Really inconsiderate placement of beam there, right in front of her foot. Stay in your own lane, buddy.

#6: The “That Was a Double, Take It Up with My Lawyers”

Just sell it. Keep going. Swing the foot around somewhere. Plausible deniability. Double. Triple. 2.4. Who says otherwise?

Also smart to choreograph in a “stop, drop, and roll” fire drill afterward because who knows where that flopped-around right leg is going to take you. It could sweep someone’s eye out.

#5: The “I’M A PINWHEEL FOR HALLOWEEN”

Where she stops, only the wind can say.

#4: The “I May Have Missed Some of the Rules…”

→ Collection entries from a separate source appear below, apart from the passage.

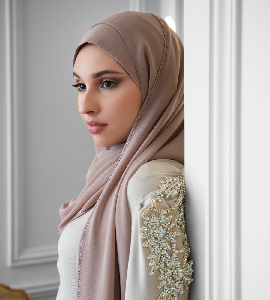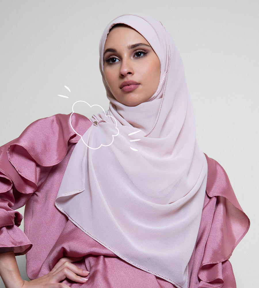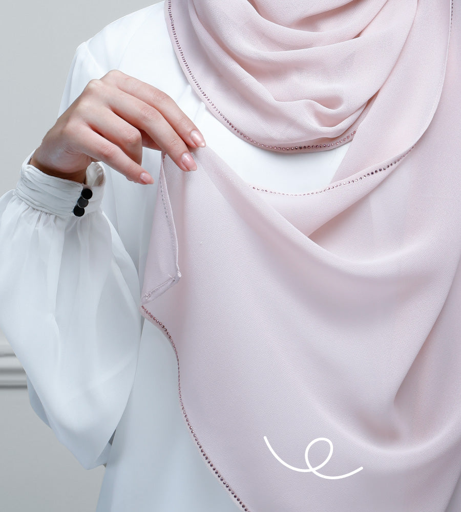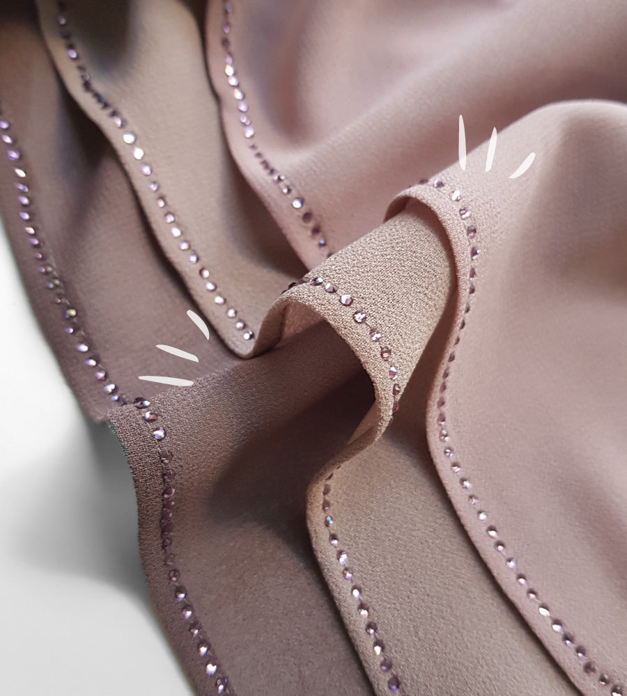 Introducing our latest innovative pinless wrapped hijab style: The JOLIE instant hijab ~with crystals~ is your drapey dressy hijab for your special occassions: Eid outfits, formal events, wedding parties, bridal showers, & more..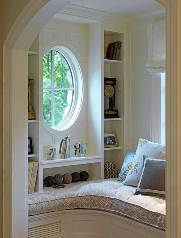 Арочное окно отлично подчеркивает классические линии интерьера и способно в одиночку преобразить внешний вид помещения. Контрастное оформление перекрытий окна в темных тонах на фоне светлой отделки комнаты, мгновенно делает его центром фокусировки внимания, вокруг которого строится вся концепция дизайна пространства.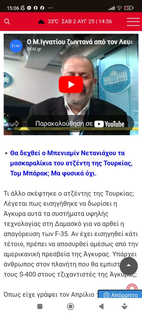 Eυρώπη / ΔιεθνήΌλα του γάμου δύσκολα (F-35). Δύσκολα και τα τρικ με τους S-400 προς Συρία Πέτρος Ιωάννου9 μήνες ago9 μήνες ago01 mins 2/8/2025 ΚΟΚΚΙΝΗ ΓΡΑΜΜΗ: Τα παραμύθια της …Χαλιμάς για το ρωσικό σύστημα S-400 και ο επικίνδυνος ατζέντης της Τουρκίας… Αν είναι δυνατόν… Το ΠΑΣΟΚ χρωστά πάνω από 507 εκ. ευρώ!!! (video) Πλοήγηση άρθρων Previous: …ή αυτοί ή εμείςNext: Η φρίκη, έχει ονοματεπώνυμο Αφήστε μια απάντηση Ακύρωση απάντησηςΗ ηλ. διεύθυνση σας δεν δημοσιεύεται. Τα υποχρεωτικά πεδία σημειώνονται με *Σχόλιο * Όνομα * Email * Ιστότοπος Αποθήκευσε το όνομά μου, email, και τον ιστότοπο μου σε αυτόν τον πλοηγό για την επόμενη φορά που θα σχολιάσω.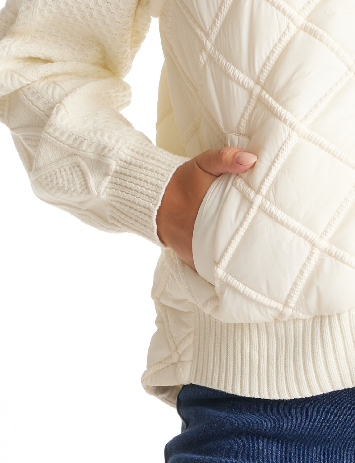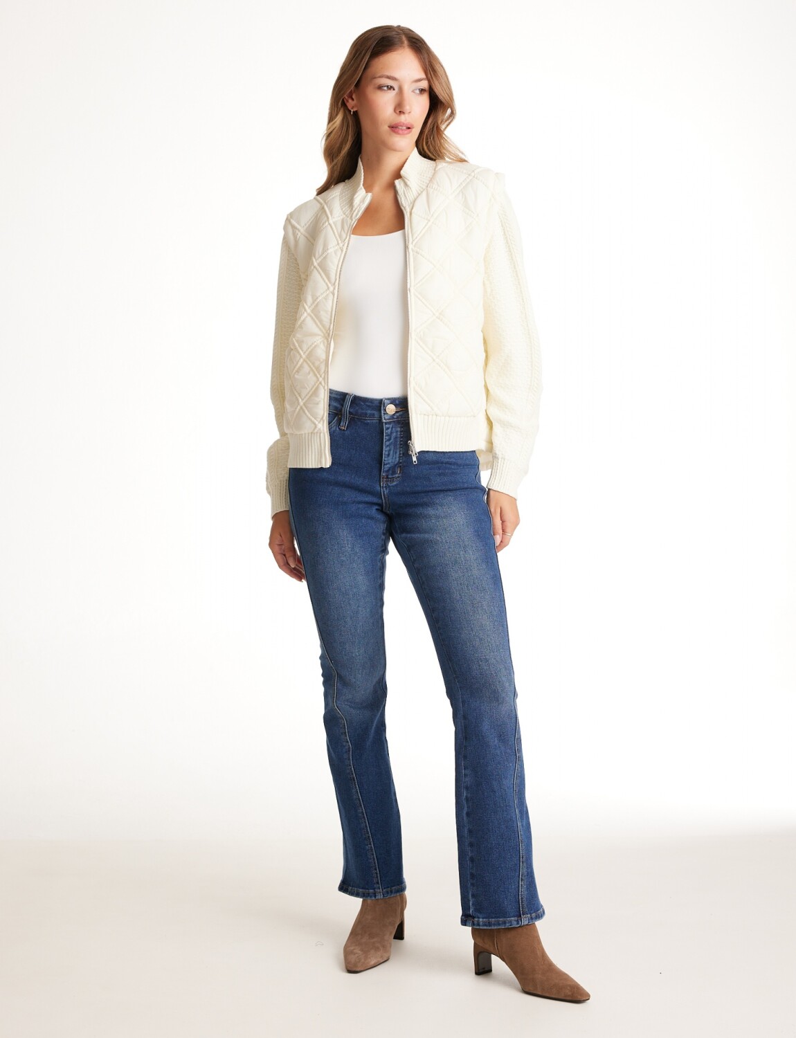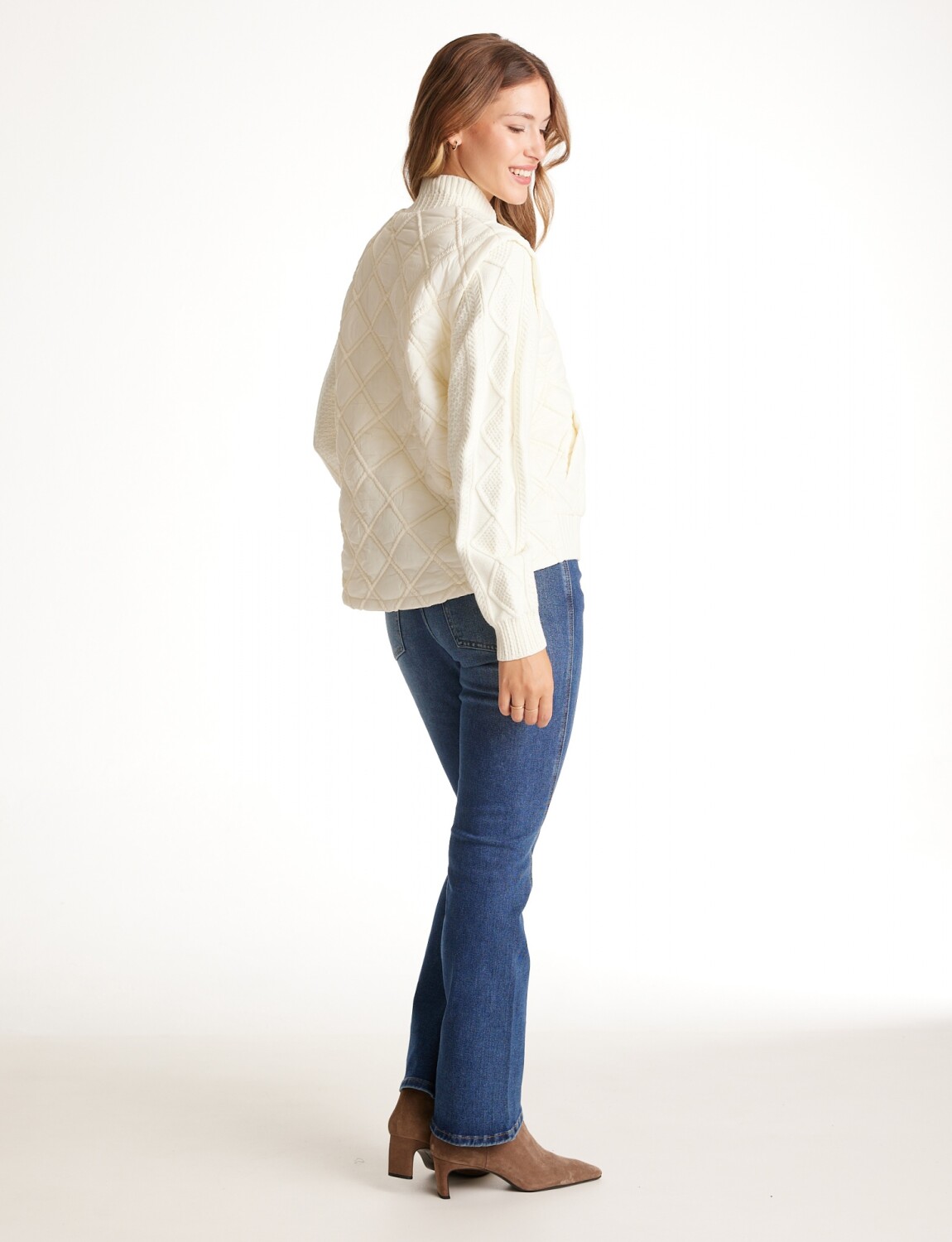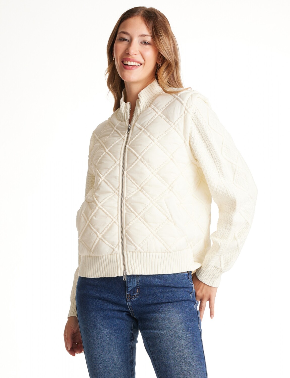 Diseño que simula chaleco, con cuello alto y mangas largas tejidas.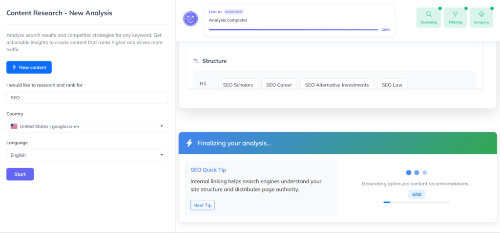 After starting the research, Lexi AI analyses the top-ranking Google pages, which usually takes a few minutes. During this process,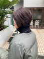 ハイライトバレーヤージュベースの髪質で色を入れてもすぐに落ちてしまうとの事でしたので多くなったハイライト部分をローライトで潰しベースにピンクバイオレットで春を意識したデザインを演出させて頂きました。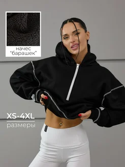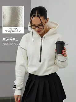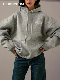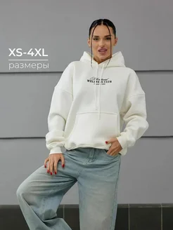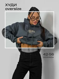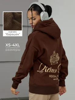 Худи женское с вышивкой утепленное с начесом оверсайз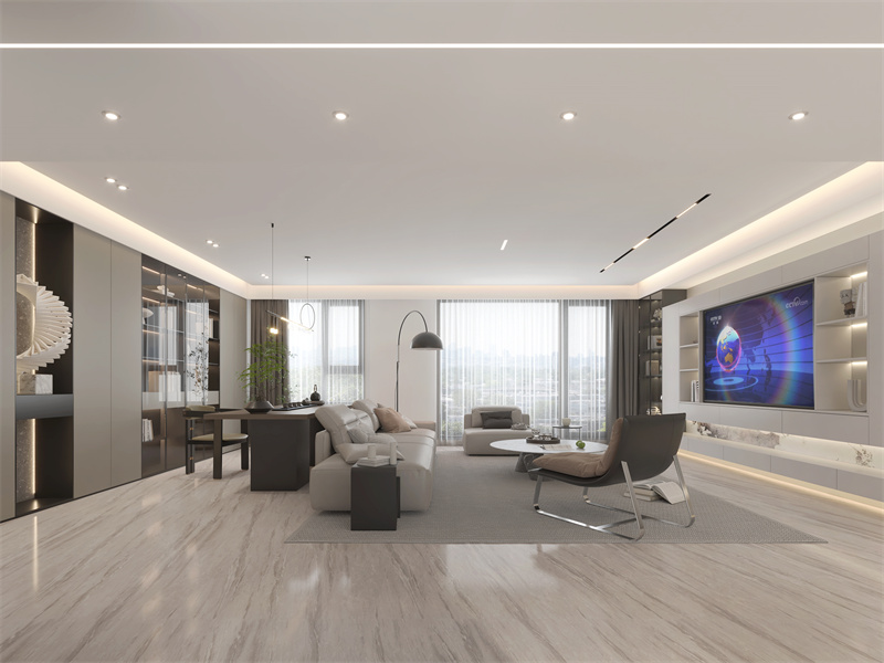 以浅灰、米白为主色调,搭配简洁的线条与通透的布局,营造出大气又舒适的氛围。柔软的沙发、精致的茶几,适合家人休闲观影,也可与朋友在此畅谈,是居家生活中放松与社交的核心区域。
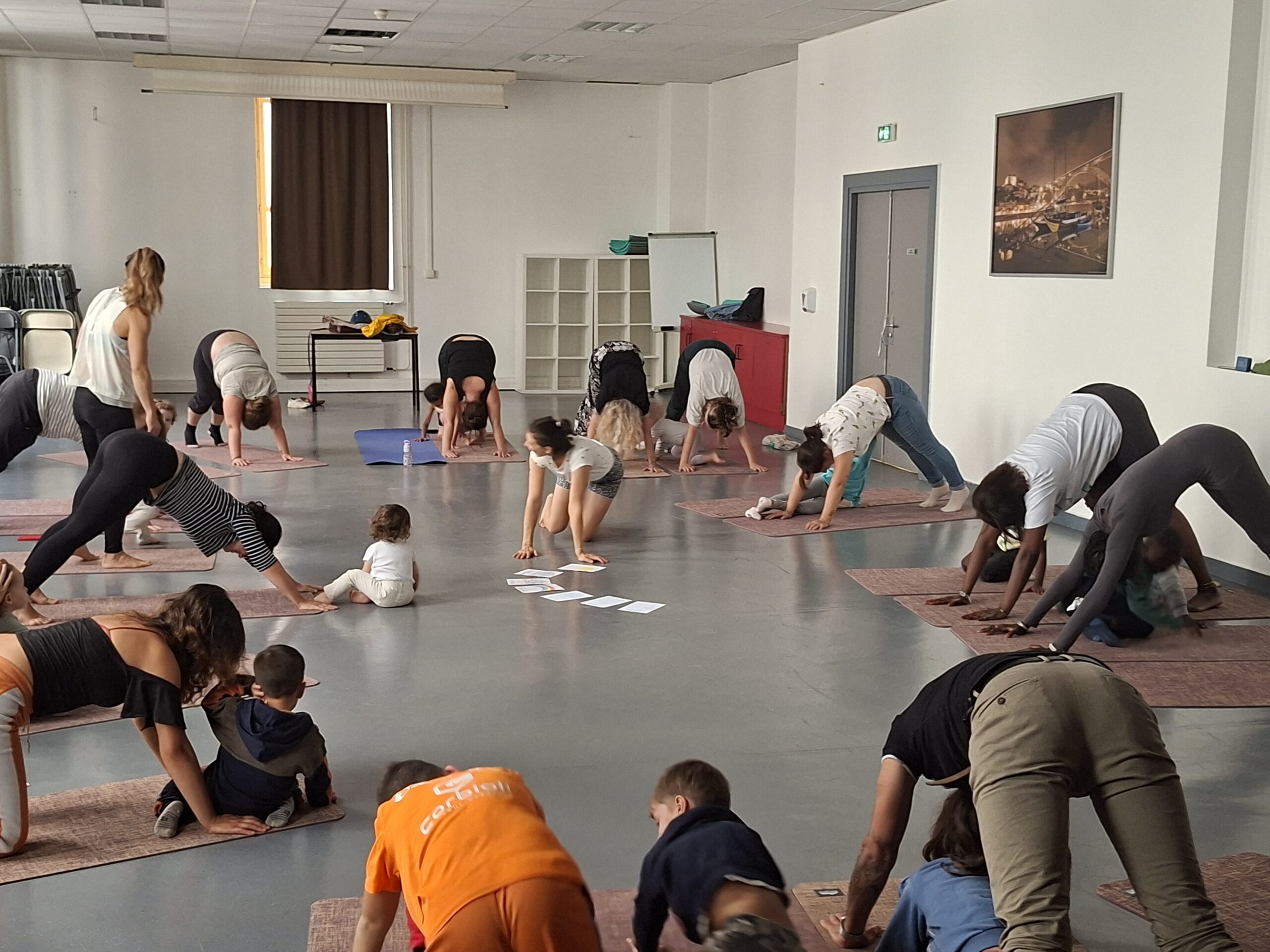 L’atelier Yoga parents enfants se déroule une fois par mois.

You throw your leg around for a second, and then just do wiggle spinning, right?

That’s not the game?

What’s the game?

Am I it?

#3: The “She didn’t fall? Inconceivable!”

Cling. You cling for dear life. Climb back up whatever the cost.

And then finish in the wolf position. Because SKILL COMPLETED AS PLANNED, NEXT.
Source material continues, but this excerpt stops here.